What Is Twitter’s Problem? No, It’s Not the Product - dwynings
http://gigaom.com/2011/03/08/what-is-twitters-problem-no-its-not-the-product/
======
dasil003
This article makes some great points, but the bigger question is "Does Twitter
have a problem?"

All of this silicon valley hand-wringing is a tempest in a teapot. Twitter is
a company built on the backs of early adopters and its developer community to
be sure, but where do they go from here? A bunch of whiny and entitled nerds
chomping at the bit for the next big thing do not a market make. Twitter's
gonna piss people off, and they're gonna have to if they ever want to
monetize.

Granted this could kill the golden goose, but that's a risk any unprofitable
company with a useful product faces, especially one as revolutionary as
Twitter. Thinking about business models earlier is no guarantee of better
results. On the one hand they might have been clearer communicators and pissed
people off less down the line; but on the other, they might have failed to
base their business model on the ultimate potential of the company, or worse
yet, created a stillborn product that no one ever heard of.

As far as I'm concerned they played their cards right; whether Twitter will be
a success as a business remains to be seen.

------
jsz0
If they continue to make small changes spaced out over longer periods of time
they'll be fine. No matter what they do a good number of people are going to
declare their hatred for it but these type of people tend to burn themselves
out pretty quickly because there's always something new and exciting to
declare hatred for. Ironically Twitter is a great outlet for Internet hatred
so of course these folks aren't going anywhere. Not their opinions don't
matter just that they are a poor barometer of how normal people react to
change. If it's gradual most people just accept it and move on with their
lives. You just can't overwhelm people with too much change at once.

------
alexjawad
Excellent and highly topical article! I especially like this statement "The
features and product evolution are the fun part of the startup, and thinking
about possible ways to make money can be soul numbing."

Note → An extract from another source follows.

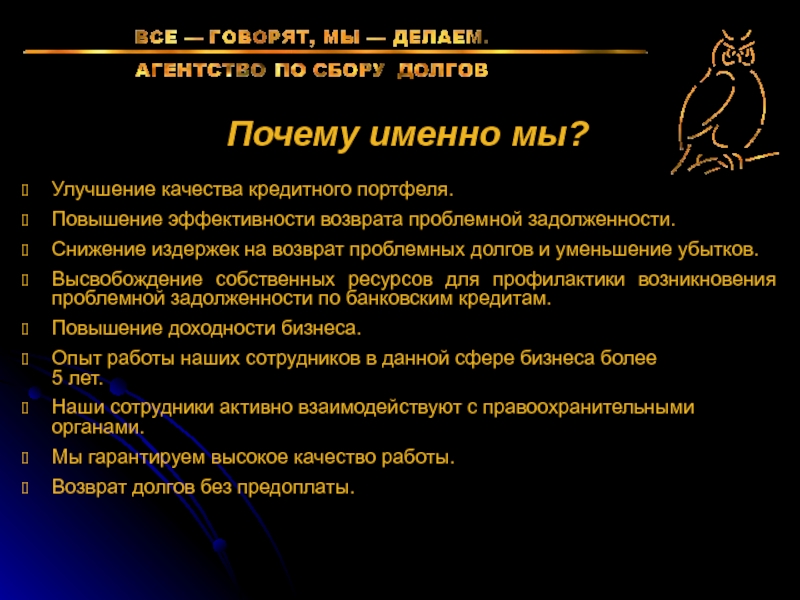 Хорошая репутация Агентства и цивилизованная работа «без криминала» позволяет уменьшить негативный фон от претензионной и исковой работы, и сохранить банку своих клиентов.

It's indeed a dilemma, choosing between the product-centric and business-model
thinking. The coolest imaginable features may not always be easy to cash on,
why a second (or even a third..) best version oftentimes ends up being
launched.

Managing to merge both the your best version product and best way to monetize
is critical, and in the end what entrepreneurial creativity is all about.

------
adrianwaj
I didn't read the article but I'll tell you how Twitter can become profitable,
and I feel somewhat qualified to say this, given Twitter (and others) have
emulated my own site (<http://twitya.com>) in more ways than one over the last
couple years.

Search advertising: so I run a search within the web client.. why isn't there
advertising on the right hand side?

Rev share with Tweeters: the tweeters bring traffic to Twitter, so how and
when will they be rewarded beyond just having free usage of the system?
Twitter should have buy-a-tweet and offer rev-share to those who select to use
it. The key is relevance - they need to insert tweets that people will want to
read. The tweets can even go in the right column. Or, they can go in stream,
immediately under the tweets from the users who have opted-in. If the viewer
doesn't like the ad tweet, they can unfollow that account of the tweet, to
which the ad belongs. The web interface can limit the number of ad tweets a
timeline has seen over the course of a day.

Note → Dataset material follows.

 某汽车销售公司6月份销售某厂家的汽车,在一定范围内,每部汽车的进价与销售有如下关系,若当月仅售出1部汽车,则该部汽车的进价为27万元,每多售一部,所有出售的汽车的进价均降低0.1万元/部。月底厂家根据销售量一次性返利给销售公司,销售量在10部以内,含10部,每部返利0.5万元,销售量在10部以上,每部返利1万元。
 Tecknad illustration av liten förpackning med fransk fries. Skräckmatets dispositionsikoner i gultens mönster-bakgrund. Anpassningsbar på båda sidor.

\-- so accounts get a new metric beyond followers, following, listed, created,
etc -- "ad intensity" based on some ratio of ad tweets/normal tweets/time.

\-- additionally, you can have power users pay a fee to not see the ad tweets,
or some percentage of them, and that becomes another metric in the API for a
user: "% ads being blocked." Then there can be some interesting configurations
options, like trading ad-insertions for ad-blocking.

Power client: why doesn't Twitter have power-client version of their web
interface, with multi-account capability? OK, some people will get it for free
elsewhere, but not everyone.